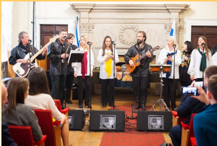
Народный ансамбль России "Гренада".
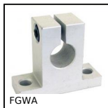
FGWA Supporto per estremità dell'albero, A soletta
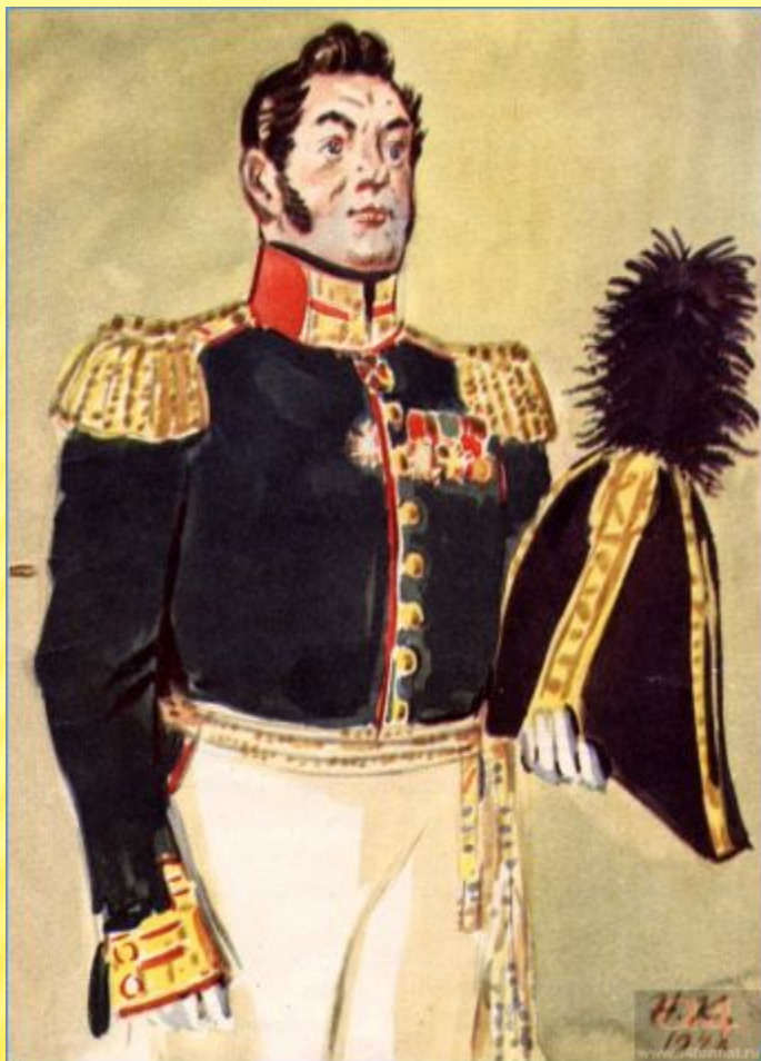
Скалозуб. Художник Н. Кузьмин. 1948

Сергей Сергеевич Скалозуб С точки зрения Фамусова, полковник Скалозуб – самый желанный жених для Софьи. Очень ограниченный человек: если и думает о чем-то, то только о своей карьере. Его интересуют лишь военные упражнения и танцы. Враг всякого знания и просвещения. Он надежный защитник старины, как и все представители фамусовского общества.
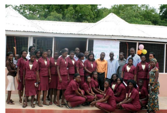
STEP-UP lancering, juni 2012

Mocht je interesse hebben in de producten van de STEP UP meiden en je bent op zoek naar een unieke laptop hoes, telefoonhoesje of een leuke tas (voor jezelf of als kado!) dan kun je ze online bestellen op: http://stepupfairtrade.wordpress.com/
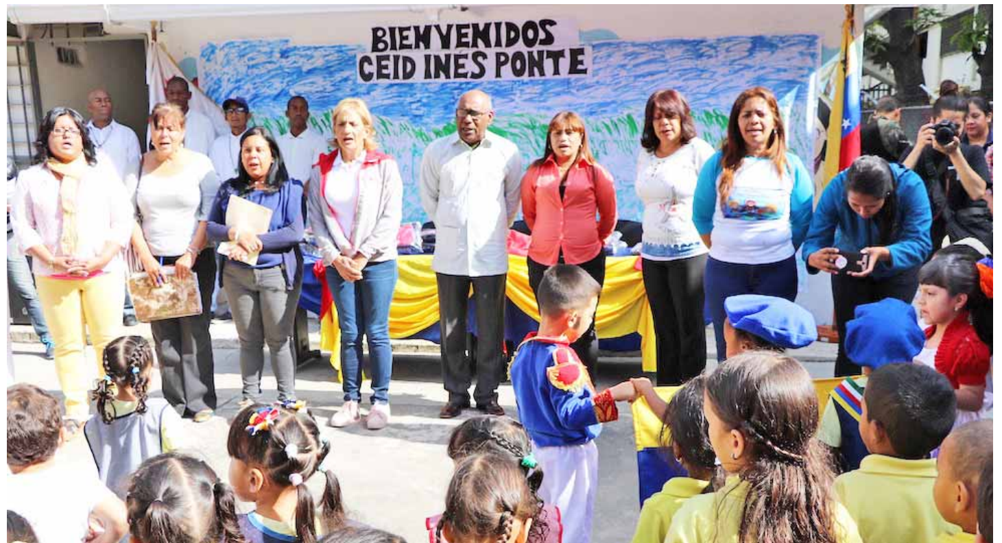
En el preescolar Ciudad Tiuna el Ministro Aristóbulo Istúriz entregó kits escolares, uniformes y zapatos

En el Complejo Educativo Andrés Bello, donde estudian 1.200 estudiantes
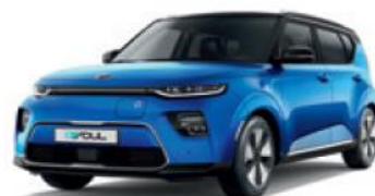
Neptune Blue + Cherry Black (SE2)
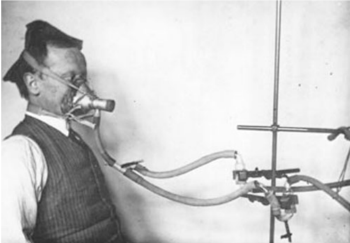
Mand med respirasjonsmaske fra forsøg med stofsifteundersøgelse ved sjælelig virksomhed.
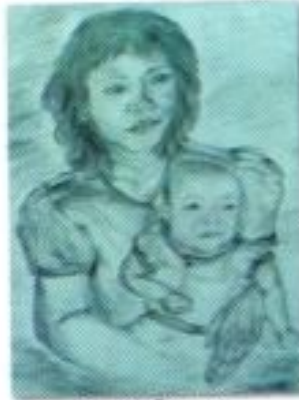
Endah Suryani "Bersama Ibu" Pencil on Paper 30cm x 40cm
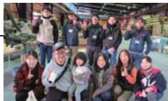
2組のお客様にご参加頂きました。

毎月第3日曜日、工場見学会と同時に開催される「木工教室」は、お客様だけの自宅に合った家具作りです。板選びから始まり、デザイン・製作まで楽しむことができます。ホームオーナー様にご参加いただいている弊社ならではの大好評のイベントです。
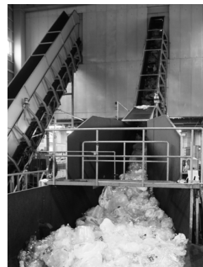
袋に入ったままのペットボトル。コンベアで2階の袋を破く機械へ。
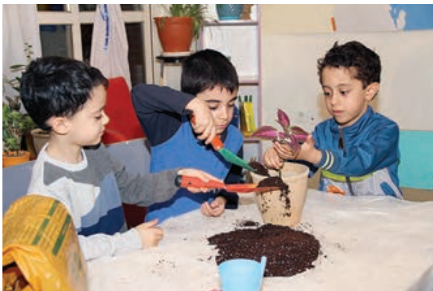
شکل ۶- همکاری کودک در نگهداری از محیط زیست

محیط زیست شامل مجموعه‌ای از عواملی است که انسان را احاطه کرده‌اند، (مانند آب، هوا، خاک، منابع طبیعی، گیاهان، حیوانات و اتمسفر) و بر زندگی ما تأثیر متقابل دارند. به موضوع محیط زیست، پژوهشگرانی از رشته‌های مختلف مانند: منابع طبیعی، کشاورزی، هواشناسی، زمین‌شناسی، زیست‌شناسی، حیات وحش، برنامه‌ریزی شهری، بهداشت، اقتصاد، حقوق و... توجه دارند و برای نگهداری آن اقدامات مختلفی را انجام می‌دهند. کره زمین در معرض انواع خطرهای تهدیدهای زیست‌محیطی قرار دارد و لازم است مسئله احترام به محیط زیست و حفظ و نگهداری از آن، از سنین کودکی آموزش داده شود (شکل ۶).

________

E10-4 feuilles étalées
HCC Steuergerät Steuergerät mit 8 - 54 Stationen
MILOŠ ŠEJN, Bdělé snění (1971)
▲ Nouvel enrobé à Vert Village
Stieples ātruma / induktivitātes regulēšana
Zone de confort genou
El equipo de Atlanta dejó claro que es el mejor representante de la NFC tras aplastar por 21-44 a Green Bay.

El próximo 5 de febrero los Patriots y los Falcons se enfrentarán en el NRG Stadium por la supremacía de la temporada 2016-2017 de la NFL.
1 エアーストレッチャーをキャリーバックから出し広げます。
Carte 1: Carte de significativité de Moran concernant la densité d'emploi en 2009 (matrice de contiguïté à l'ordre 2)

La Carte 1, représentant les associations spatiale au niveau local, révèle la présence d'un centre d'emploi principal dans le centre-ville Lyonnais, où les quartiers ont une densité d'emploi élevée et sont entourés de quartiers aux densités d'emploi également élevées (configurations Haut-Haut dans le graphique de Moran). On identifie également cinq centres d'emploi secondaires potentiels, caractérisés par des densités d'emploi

________

▸ EXERCISE INSTRUCTIONS
Going back to the entries above, set down exactly the lines that begin at the one with "MILOŠ ŠEJN, Bdělé snění (1971)" and end at the one with "El equipo de", both included, and nothing else.

▸ RESPONSE AREA
MILOŠ ŠEJN, Bdělé snění (1971)
▲ Nouvel enrobé à Vert Village
Stieples ātruma / induktivitātes regulēšana
Zone de confort genou
El equipo de Atlanta dejó claro que es el mejor representante de la NFC tras aplastar por 21-44 a Green Bay.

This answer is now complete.